Wagner and Weitzman didn’t seem very optimistic about carbon capture as a primary policy solution. See here and here for my views on Pigovian taxation. You are correct that Pigovian taxes generally have a lower deadweight cost than regular taxation. Indeed, they can have a negative deadweight cost. Even so, high carbon taxes would plausibly sharply slow poverty reduction in the Third World.
Wait, can I still win this bet on a technicality if Wagner and Weitzman inadvertently convinced you that we should pursue stratospheric aerosol injection (what they mostly mean by geoengineering in the book)?
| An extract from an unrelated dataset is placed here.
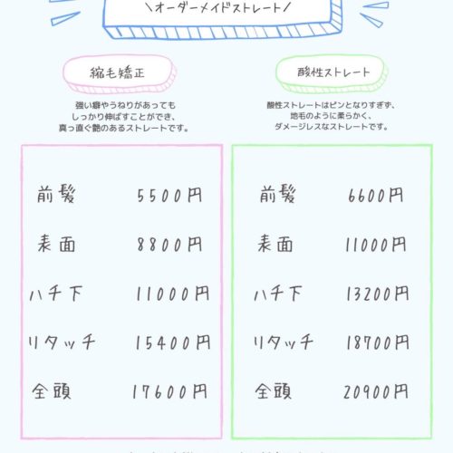 こんにちは!アシスタントの松浦です! 今日は梅雨対策のキャンペーンをご紹介します! 気になる部分のストレートを組み合わせて 行えるオーダーメイドストレートを始めました! ストレートをされた方にはサブリミックトリートメント […]

I don’t know how serious I am with that question but I’d love to understand your thinking more!
No, because I’ve long been sympathetic to geoengineering, and the bet requires me to do a 180.
I may be more trusting than you but I’d only have distrusted them on those grounds if they’d argued against nuclear energy. Wagner and Weitzman think policy intervention should be limited to carbon taxes. Nuclear energy doesn’t emit carbon so they are implicitly pro-nuclear. I’m sure they’d agree about the absurd regulatory burden as well.
If they had wanted to signal their lack of left-wing bias, they would have gone out of their way to praise nuclear power. So why didn’t they?
Update: David Henderson is disturbed by my claim that, “Both sides are intellectually dishonest.” If the issue is too complicated to decide without years of study, how can I so casually dismiss almost everyone as “dishonest”? My reply: I’m talking about the vast majority of people who hold strong opinions despite (a) the complexity of the issue, and (b) the minimal time they have actually spent studying the science. You don’t have to understand the evidence to know when other people are forming their beliefs negligently.